The Comex Delivery Report showed that 10 gold and 78 silver contracts were delivered yesterday. There were no changes in the alleged holdings of either GLD or SLV either. But over at the U.S. Mint, it must be a sight to behold with all the stamping machines pounding away virtually 24/7...as they've reported production increases for the first three days of this week. Yesterday they reported another 12,000 gold and 500,000 silver eagles produced. The mint is now at 50,500 gold eagles and 1,625,000 silver eagles for July...and we're just at the half-way point of the month. This shows how big the demand is...and I hope, dear reader, that you're buying your share too! And lastly, the Comex-approved warehouse silver stocks rose 361,036 ounces on Tuesday. They always report a day late. So when I update their numbers on Friday, it will be Wednesday's warehouse activity.

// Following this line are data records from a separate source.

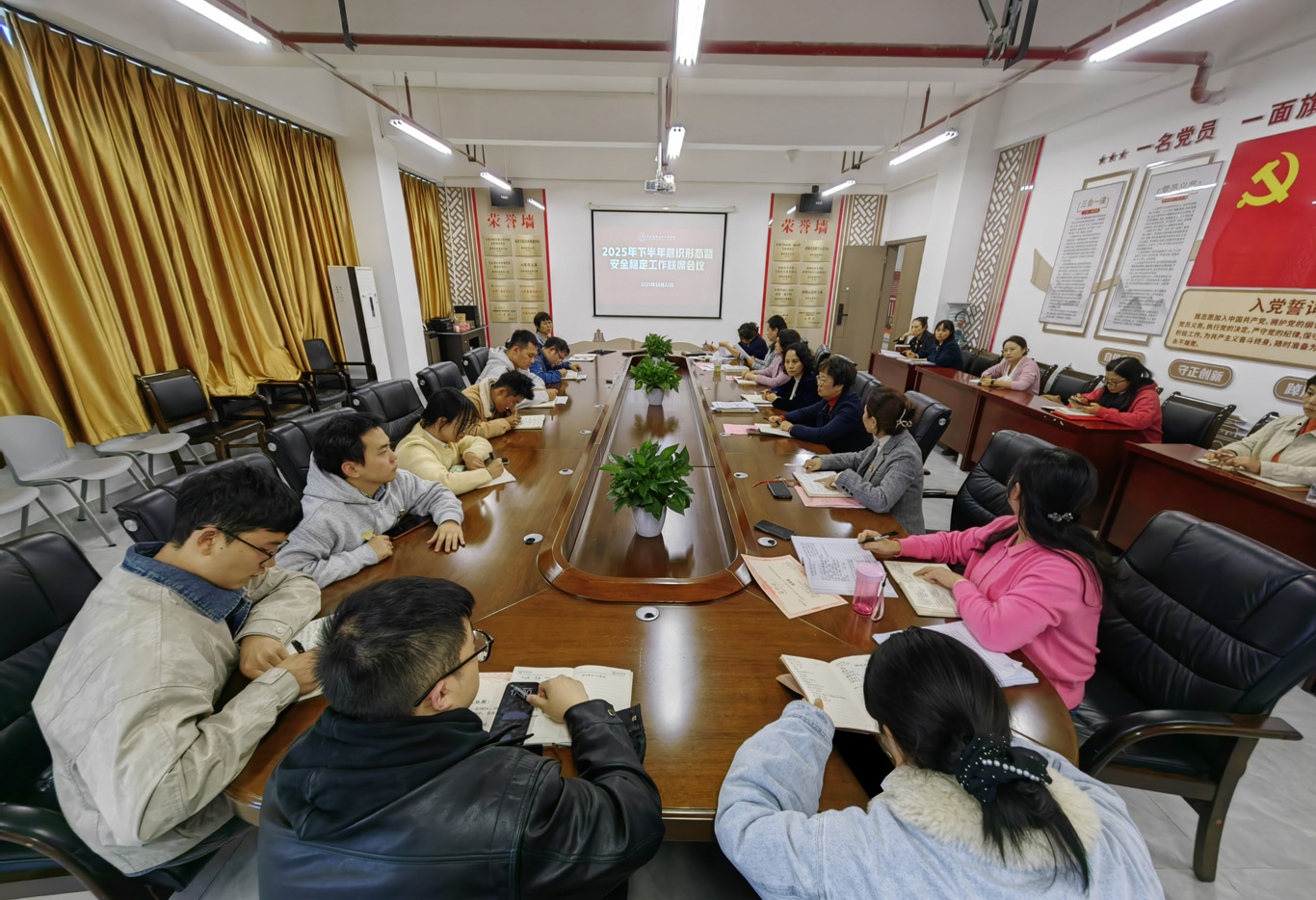 10月22日,allwincity万象城官方网站在云漫湖校区酬勤楼六楼会议室召开2025年下半年意识形态暨安全稳定工作联席会议,会议由学院党委书记杨英主持,学院党政领导班子、副科级以上干部、教研(实验)室主任、各党支部书记和全体辅导员参会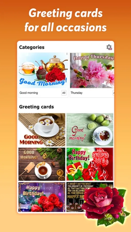 We have more than 20 categories and more than 17,000 wishes in our collection, and we regularly add new greeting cards! We have the best pictures and GIFs with flowers. If you want to send a picture or GIF to your best friend, or just wish a good morning - send greeting card for free in one click.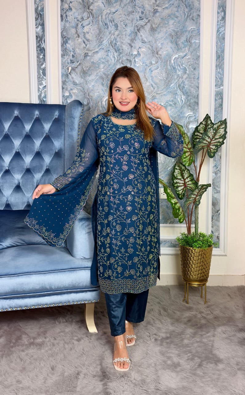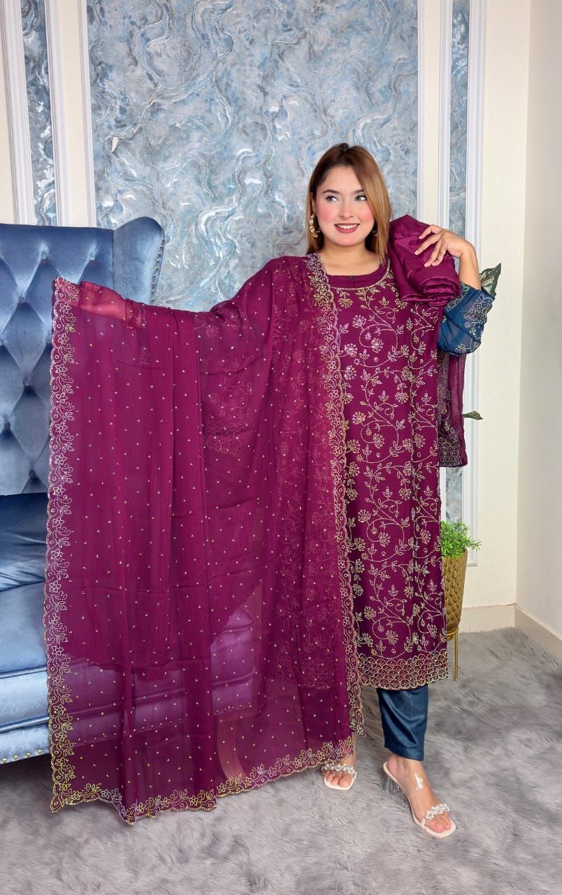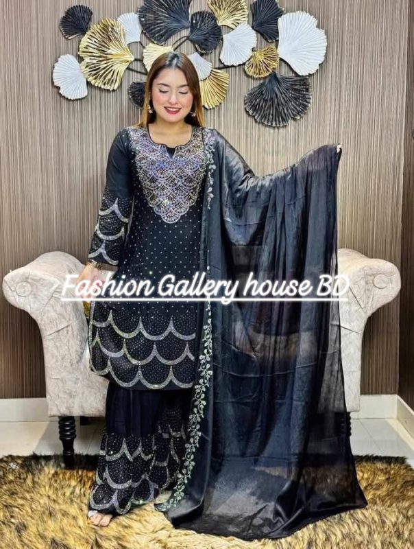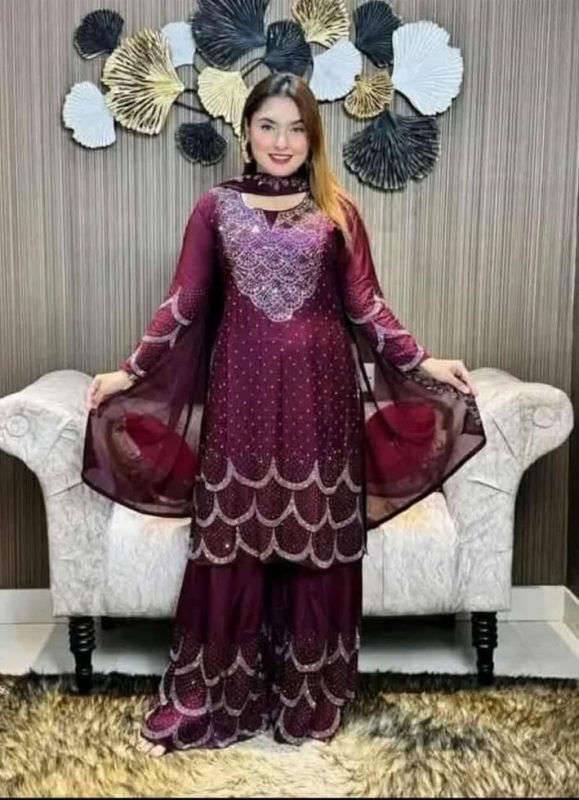মালোশিয়ান এম সি স্টোন দিয়ে ফুল বডি কাজ করা তার সাথে পাবেন পুরো ওড়না জুড়ে গর্জিয়া কাজ করা পাথর দিয়ে।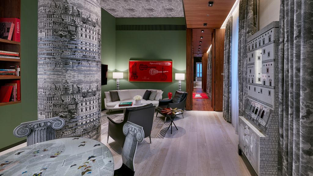 The presidential suite connects to our fornasetti suite, creating a perfect ambience. This magnificent three-bedroom connecting suite offers unique luxury, features a four-poster bed, showpiece bathrooms and original fornasetti furnishings.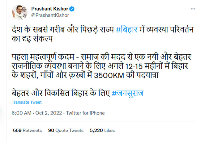 पटना, आनलाइन डेस्क। Jan Suraj Yatra: चुनावी रणनीतिकार प्रशांत किशोर (Prashant Kishor) या (PK) अब सक्रिय राजनीति (Prashant Kishor in Active Politics) में सक्रिय दिख रहे हैं। जन सुराज यात्रा (Jan Suraj Yatra) के तहत उन्होंने महात्मा गांधी की जयंती (Mahatma Gandhi Birth Anniversary) के अवसर पर इसकी शुरुआत की है। स्थल है बिहार के पश्चिमी चंपारण का महात्मा गांधी से जुड़ा भितिहरवा गांधी आश्रम। करीब सवा साल तक चलने वाली 3500 किमी की अपनी इस पदयात्रा की शुरुआत उन्होंने मंदिर में पूजा-अर्चना करने के बाद की। पदयात्रा के दौरान वे पटना या दिल्ली नहीं आएंगे।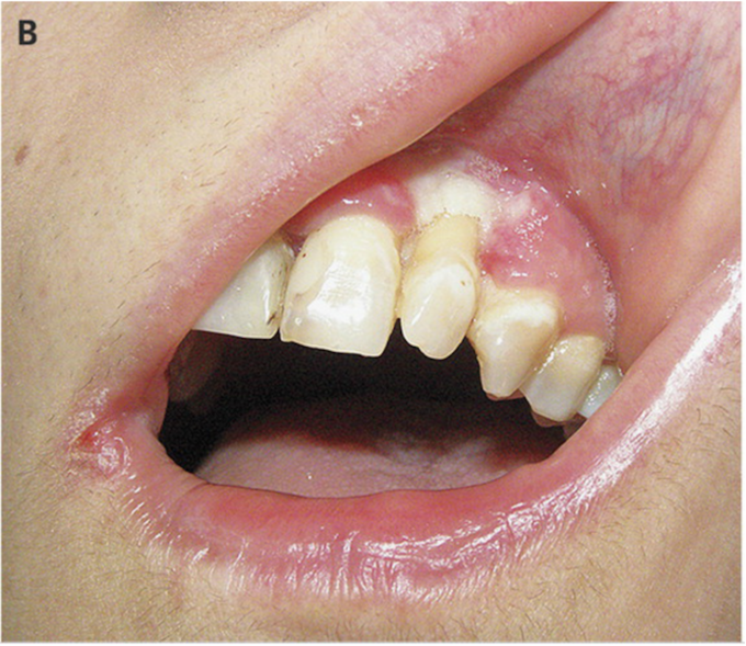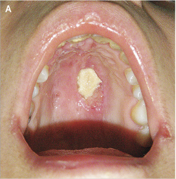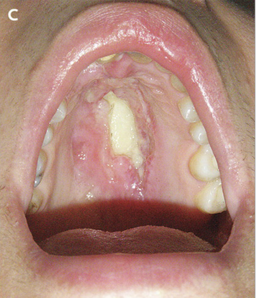 女性,34 岁,有上腭部和牙龈溃疡病史 3 月。鼻内窥镜检查正常,鄂活检标本细菌培养提示金黄色葡糖球菌阳性,组织病理学检查未发现肿瘤。主管医生按炎症处理,予抗感染治疗,第 10 天患者出现发热和左侧脸部间歇性肿胀。两个星期后,患者出现上颚部病灶范围扩大(图 C),进行第二次活检,组织病理学活检提示为结外 NK/T 细胞淋巴瘤(鼻型)。该名患者接受放疗和改良的 SMILE 方案(DEX+MTX+IFO+L-ASP+VP16)化疗,随后进行自体造血干细胞移植。治疗后 8 个月复查仍然缓解,无证据显示淋巴瘤复发。来源:丁香园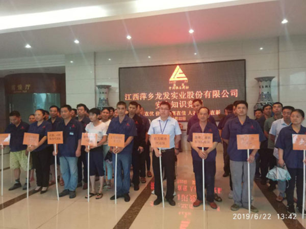 努力開(kāi)拓龍發(fā)實(shí)業(yè)安全生產(chǎn)工作新篇章——龍發(fā)實(shí)業(yè)2019年安全知識(shí)競(jìng)賽活動(dòng)圓滿(mǎn)成功2019年6月22日,江西萍鄉(xiāng)龍發(fā)實(shí)業(yè)股份有限公司安全生產(chǎn)知識(shí)競(jìng)賽順利舉行,來(lái)自公司的10個(gè)代表隊(duì)共50名選手經(jīng)過(guò)激烈角逐參加了此次決賽,本次安全生產(chǎn)知識(shí)競(jìng)賽是龍發(fā)實(shí)業(yè)舉辦的安全生產(chǎn)知識(shí)競(jìng)賽,公司各級(jí)...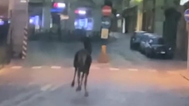 L’autore del video di circa 30 secondi, presto diventato virale sul web e in particolare sui gruppi social locali, è riuscito a seguire l’animale fino a un certo punto, e ora è grande la curiosità per conoscere le sorti del quadrupede, che si è “esibito” anche in un salto della siepe nei pressi del monumento di piazza Vittoria.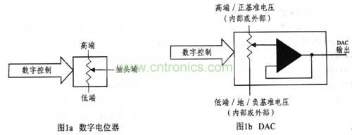 利用數字輸入控制微調模擬輸出有兩種選擇:數字電位器和數/模轉換器(DAC),兩者均采用數字輸入控制模擬輸出。通過數字電位器可以調整模擬電壓;通過DAC既可以調整電流,也可以調整電壓。電位器有三個模擬連接端:高端、抽頭端(或模擬輸出)和低端(見圖1a)。DAC具有隊應的三個端點:高端對應于正基準電壓,抽頭端對應于DAC輸出,低端則可能對應于接地端或負基準電壓端(見圖1b)。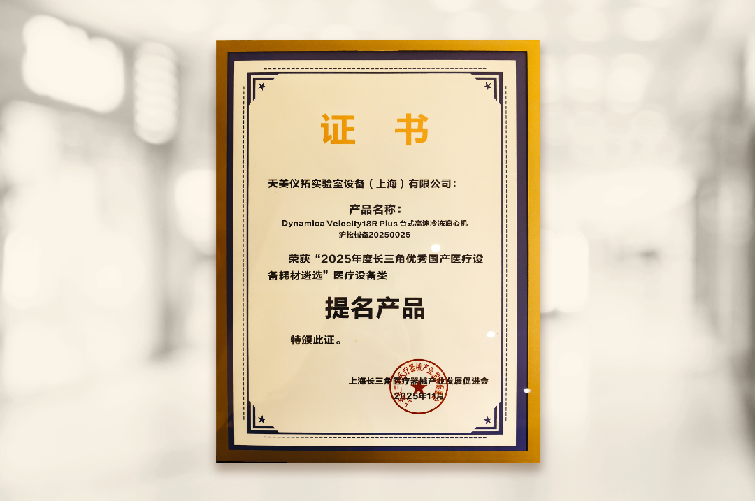 天美旗下Dynamica Velocity18R Plus臺式高速冷凍離心機從眾多國產設備中脫穎而出,榮獲“2025年度長三角優秀國產醫療設備耗材遴選”醫療設備類提名產品。
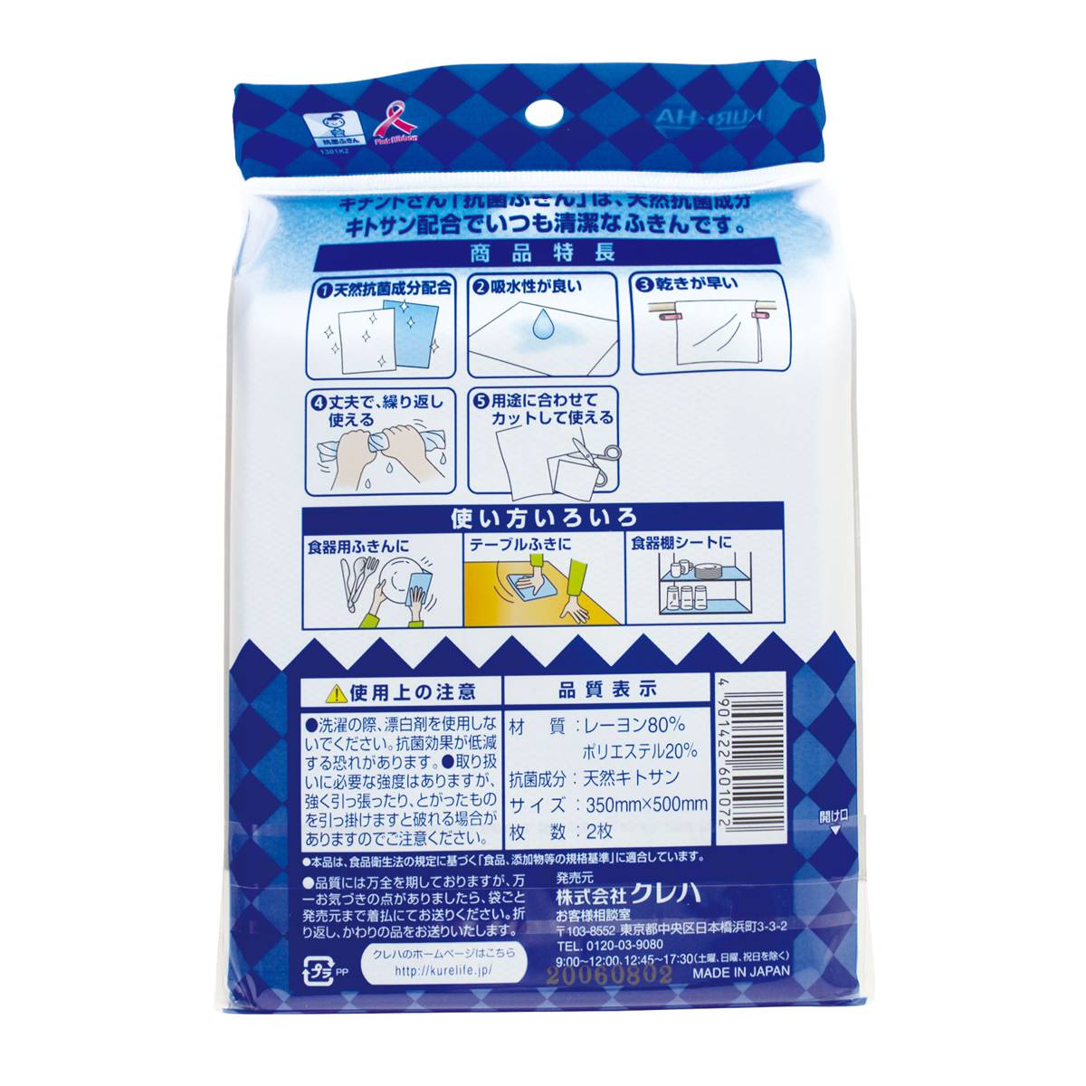 | KEY INFORMATION | This cloth contains the natural antibacterial ingredient chitosan, so it is always clean. It is highly absorbent, easy to wipe off, and made of non-woven rayon, so it dries quickly and is hygienic. Size 350mm × 500mm. Material: 80% rayon, 20% polyester. Antibacterial ingredient: natural chitosan. |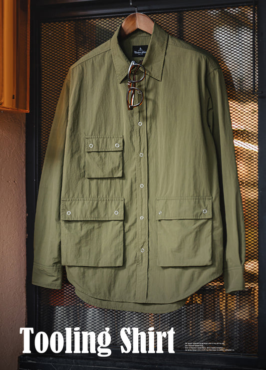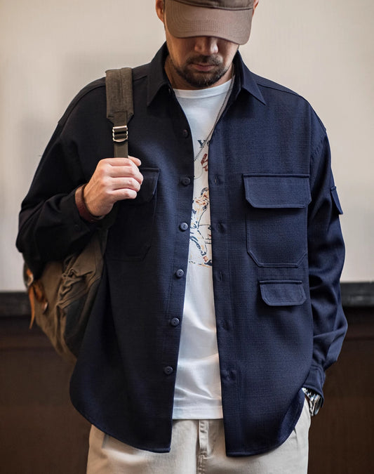 American Retro Pleated Outdoor Leisure Multi-Pocket Conventional Men's Shirt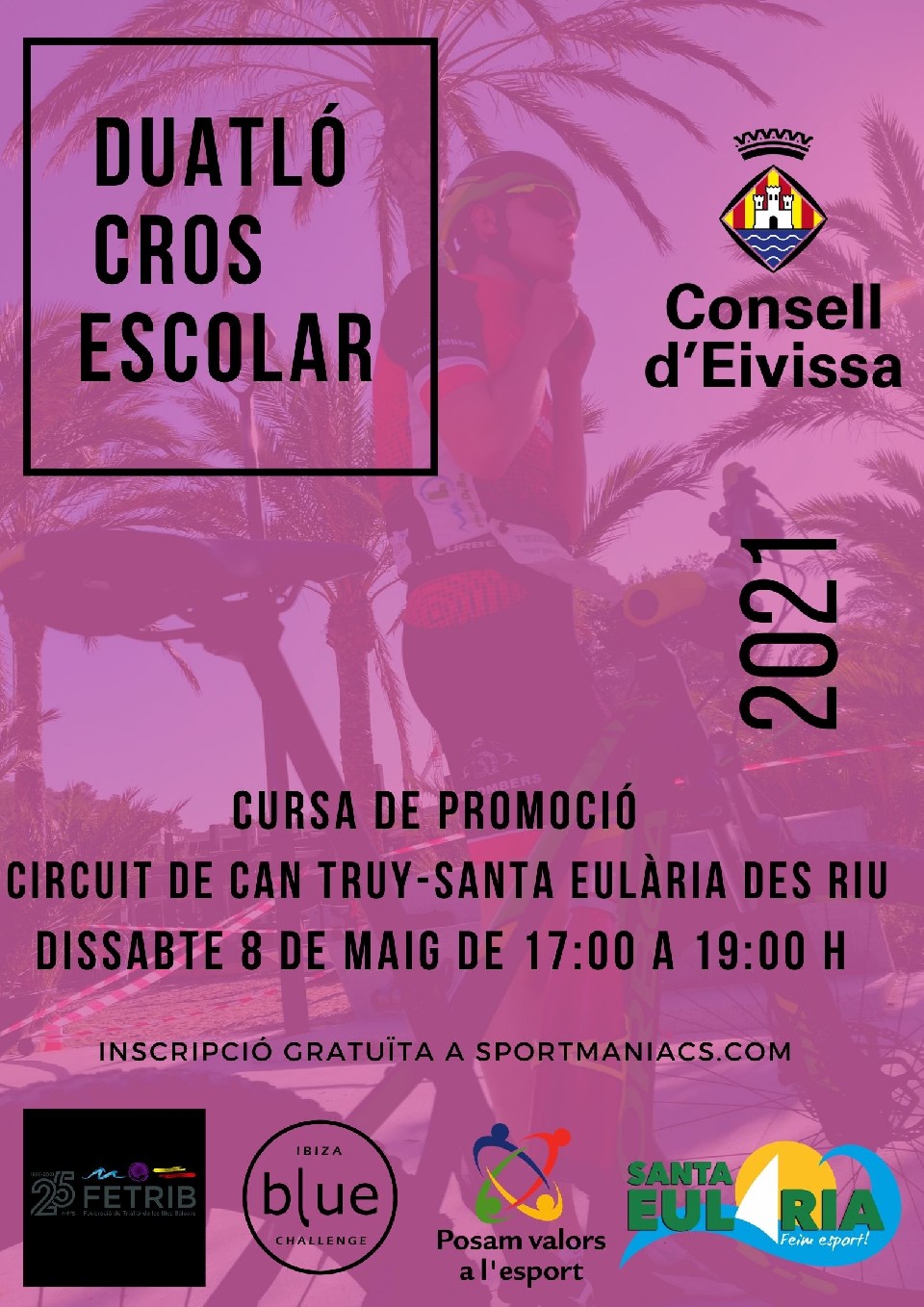 1. El DUATLÓ CROS ESCOLAR 2021 es una prueba organizada por la Federación Balear de Triatlón e Ibiza Blue Challenge, patrocinada por el Consell Insular de Ibiza y con la colaboración del Ayuntamiento de Santa Eulària. La prueba se celebra en los terrenos del restaurante Can Truy y terrenos anexos.

The usual N.Y. gold commentator reported the following yesterday..."The Bombay Bullion Dealers Association has reported that India imported 11.6 tonnes of gold in June, down 52% from a year earlier and down from 18 tonnes in May...The Monsoon is looking poor and the bullion trade is probably correct in saying [that] the recent duty increase will stimulate amateur smuggling by private individuals. All of this would be swamped by weak world gold or a strong rupee...Various technical commentators, who have not been doing so well lately, are now emphasizing what MKS calls 'technical blockage' in the $940s. With somewhat more than a month to go before Seasonals turn positive, the behavior of the rupee continues critical to world gold. Should it continue firm, the Bears will have a serious problem."

The following is from a regular reader and info provider, P.S. He stole it from Bill Fleckenstein, who in turn lifted it from Jim Grant's latest book Money of the Mind...and is a quote made by the late French President Charles de Gaulle on February 4, 1965. As Fleckenstein says...[it's] a very succinct explanation of why gold will always be money...Quote: "It is difficult to envision in this regard any other criterion, any other standard than gold. Yes, gold, which does not change in nature, which can be made into either bars, ingots, or coins. Gold has no nationality, which is considered, in all places and all times, the immutable and fiduciary value par excellence. Furthermore, despite all that it was possible to imagine, say, write, or do in the midst of major events, it is a fact that even today no currency has any value except by direct or indirect relation to gold [emphasis by Fleckenstein], real or supposed. Doubtless, no one would think of dictating to any country how to manage its domestic affairs. But the supreme law, the golden rule...is the duty to balance from one monetary area to another, by effective inflows and outflows of gold, the balance of payments resulting from their exchanges." [Amen to that! - Ed]

Today's first story came to my attention via a GATA release entitled "Goldman can't shake the mark of the beast". The article that it's based on is from the The Telegraph in London and bears the headline "Goldman Sachs caves in to critical blogger". I still prefer the term "giant vampire squid with its tentacles wrapped around the face of humanity" when describing GS. The link is here.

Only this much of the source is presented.